RESULTS OF THE MODEL: 
Rule (relationship): light cream -> chicken
Support: 0.004532728969470737
Confidence: 0.29059829059829057
Lift: 4.84395061728395
-----------------------------------------------------------
Rule (relationship): escalope -> mushroom cream sauce
Support: 0.005732568990801226
Confidence: 0.3006993006993007
Lift: 3.790832696715049
-----------------------------------------------------------
Rule (relationship): escalope -> pasta
Support: 0.005865884548726837
Confidence: 0.3728813559322034
Lift: 4.700811850163794
-----------------------------------------------------------
Rule (relationship): herb & pepper -> ground beef
Support: 0.015997866951073192
Confidence: 0.3234501347708895
Lift: 3.2919938411349285
-----------------------------------------------------------
Rule (relationship): tomato sauce -> ground beef
Support: 0.005332622317024397
Confidence: 0.3773584905660377
Lift: 3.840659481324083
-----------------------------------------------------------
Rule (relations

In the example of spaghetti and cooking oil, we can see that there is a 0.004799 for support - _meaning that out of all transactions .4799% of them contained spaghetti_.
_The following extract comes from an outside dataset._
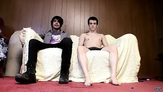 Loads of straight boys jerk off together, but fewer are willing to lend a friend a hand. Devin is pretty experienced when it comes to mutual jack off sessions, he doesn't hold back. He's easily convincing his straight buddy Brian to get his hand on his big uncut cock, returning the favor of course. The boys furiously stroke each other, with Brian clearly loving the feel of that big boner in his fist as Devin wanks him off in return. He doesn't even flinch when that big juicy boner starts splashing out cum! It's a shame Devin is being an asshole and leaves his buddy hanging though, poor guy.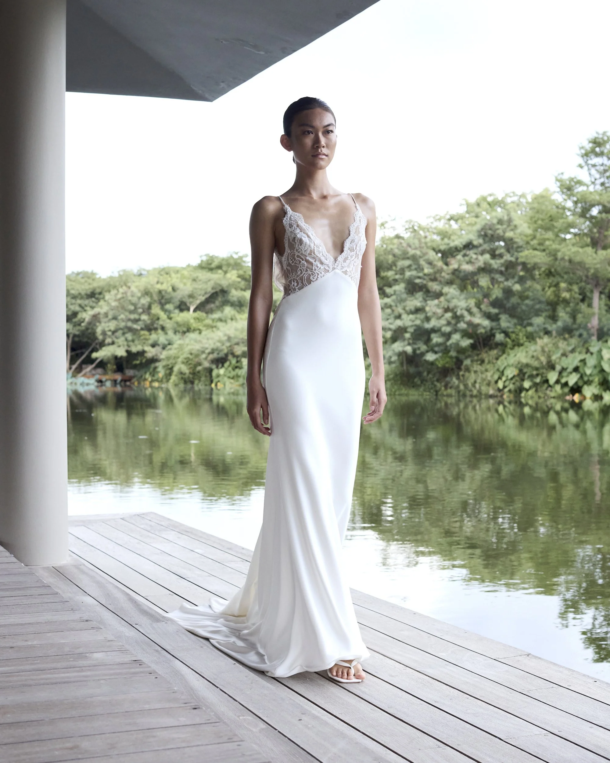 A moment of sheer delight in Kyha Bride Azolla. Cut on the bias from fluid double satin that skims the body, Azolla features chiffon-lined lace panels, creating a sheer effect. The neckline plunges to a deep V, balancing delicacy with precision. Barely-there straps frame the shoulders, whilst the clean fit and flare skirt falls into a soft train: minimalist lines that amplify the drama of diaphaneity.

We can also see that there is a 57% confidence rate - which means that _out of all of the transactions containing spaghetti, 57% of them are likely to also contain cooking oil_.

The lift for this same example is 3.28 which means that _cooking oil is 3.28 times more likely to be bought by the customers that buy spaghetti, compared to its default sale_.